[Stored records]
# # #
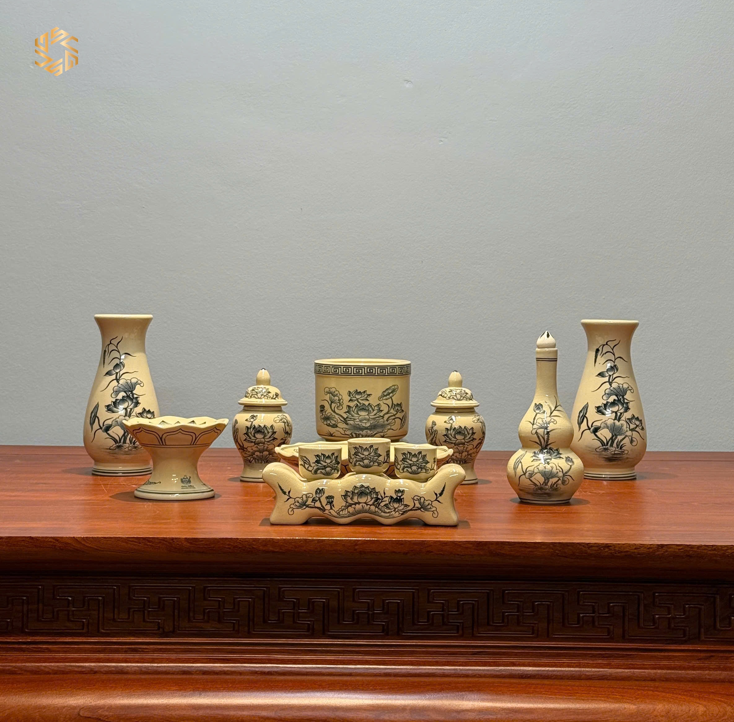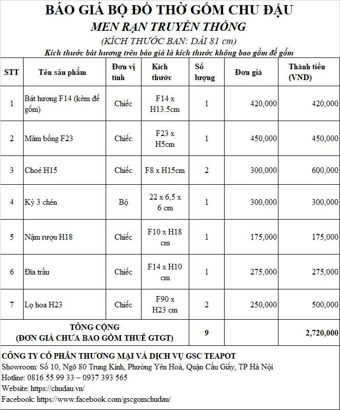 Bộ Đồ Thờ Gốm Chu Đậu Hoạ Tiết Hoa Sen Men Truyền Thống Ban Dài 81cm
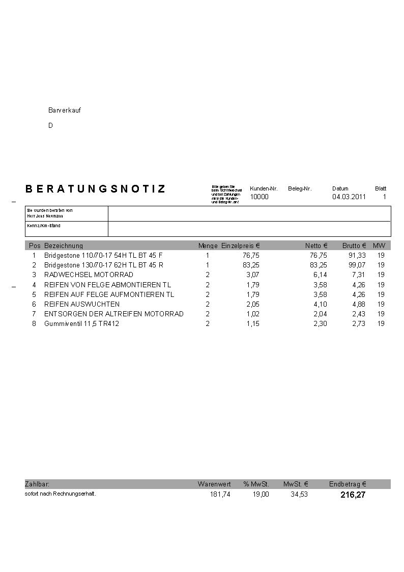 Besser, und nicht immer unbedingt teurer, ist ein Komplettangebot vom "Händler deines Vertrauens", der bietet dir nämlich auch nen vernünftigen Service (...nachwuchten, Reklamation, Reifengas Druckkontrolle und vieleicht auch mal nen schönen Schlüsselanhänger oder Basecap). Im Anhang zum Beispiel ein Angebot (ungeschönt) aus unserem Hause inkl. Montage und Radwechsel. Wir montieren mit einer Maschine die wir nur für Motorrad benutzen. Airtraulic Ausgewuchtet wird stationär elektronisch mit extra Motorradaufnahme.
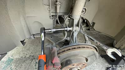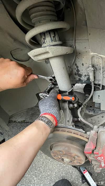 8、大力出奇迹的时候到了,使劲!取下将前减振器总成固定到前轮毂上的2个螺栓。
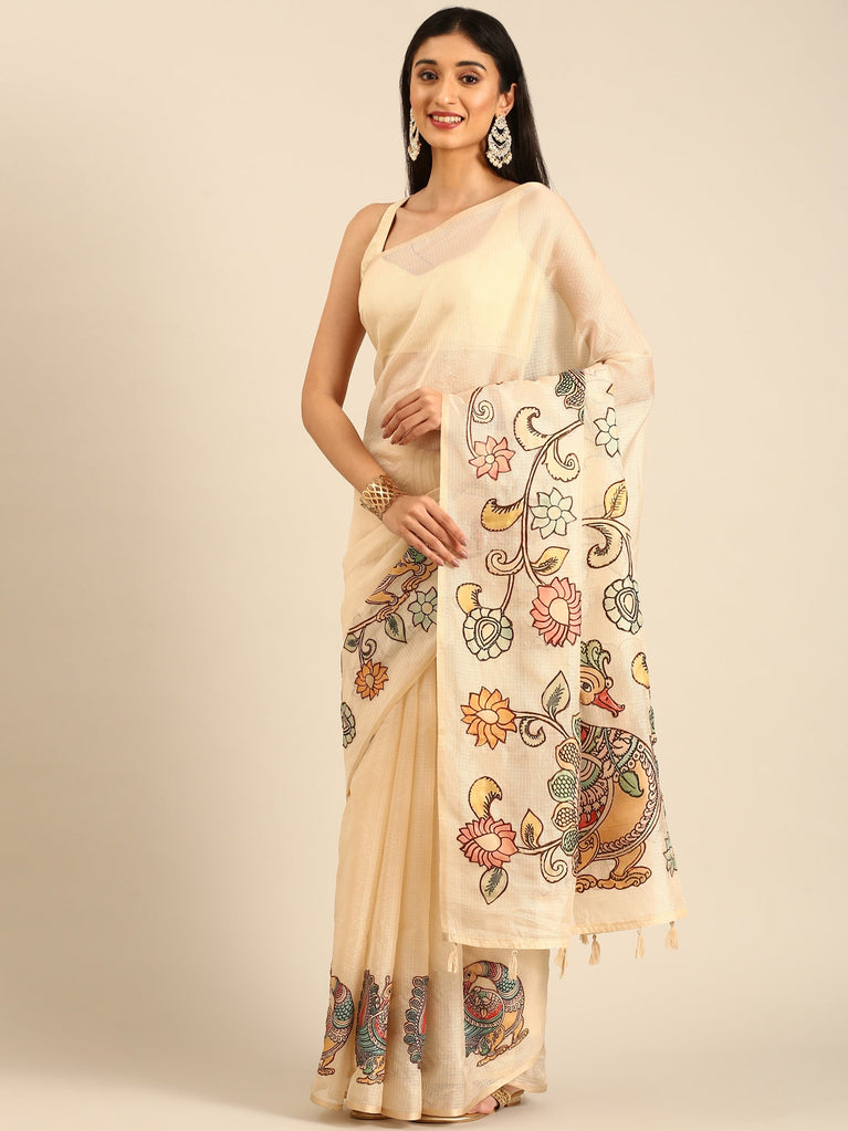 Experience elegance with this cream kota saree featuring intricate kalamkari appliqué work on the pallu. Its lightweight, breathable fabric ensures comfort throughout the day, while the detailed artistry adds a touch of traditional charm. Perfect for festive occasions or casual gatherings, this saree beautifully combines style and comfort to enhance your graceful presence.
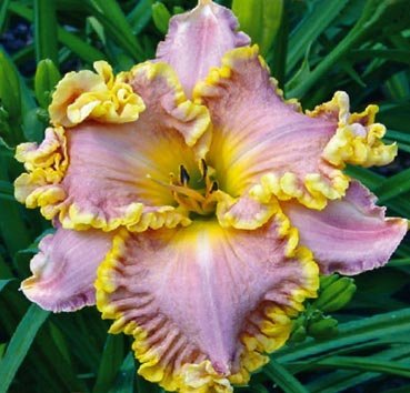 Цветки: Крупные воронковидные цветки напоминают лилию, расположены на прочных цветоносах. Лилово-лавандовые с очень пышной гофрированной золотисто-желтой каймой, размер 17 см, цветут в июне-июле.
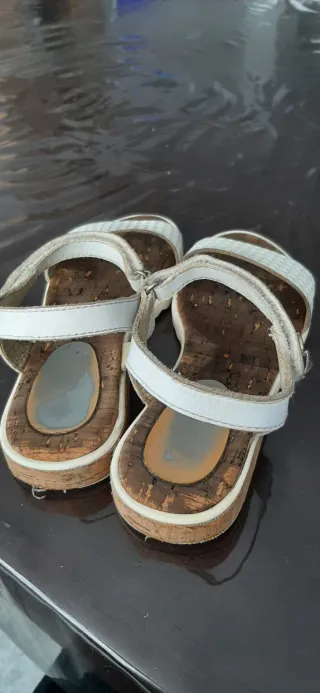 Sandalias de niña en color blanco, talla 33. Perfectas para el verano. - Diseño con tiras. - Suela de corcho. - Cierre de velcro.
# # #
§ **TASK STATEMENT**: Take only the line containing "Besser, und nicht" and every line after it to the end of the entries, and copy them exactly, pictures excluded.

§ **TASK SOLUTION**:
 Besser, und nicht immer unbedingt teurer, ist ein Komplettangebot vom "Händler deines Vertrauens", der bietet dir nämlich auch nen vernünftigen Service (...nachwuchten, Reklamation, Reifengas Druckkontrolle und vieleicht auch mal nen schönen Schlüsselanhänger oder Basecap). Im Anhang zum Beispiel ein Angebot (ungeschönt) aus unserem Hause inkl. Montage und Radwechsel. Wir montieren mit einer Maschine die wir nur für Motorrad benutzen. Airtraulic Ausgewuchtet wird stationär elektronisch mit extra Motorradaufnahme.
 8、大力出奇迹的时候到了,使劲!取下将前减振器总成固定到前轮毂上的2个螺栓。
 Experience elegance with this cream kota saree featuring intricate kalamkari appliqué work on the pallu. Its lightweight, breathable fabric ensures comfort throughout the day, while the detailed artistry adds a touch of traditional charm. Perfect for festive occasions or casual gatherings, this saree beautifully combines style and comfort to enhance your graceful presence.
 Цветки: Крупные воронковидные цветки напоминают лилию, расположены на прочных цветоносах. Лилово-лавандовые с очень пышной гофрированной золотисто-желтой каймой, размер 17 см, цветут в июне-июле.
 Sandalias de niña en color blanco, talla 33. Perfectas para el verano. - Diseño con tiras. - Suela de corcho. - Cierre de velcro.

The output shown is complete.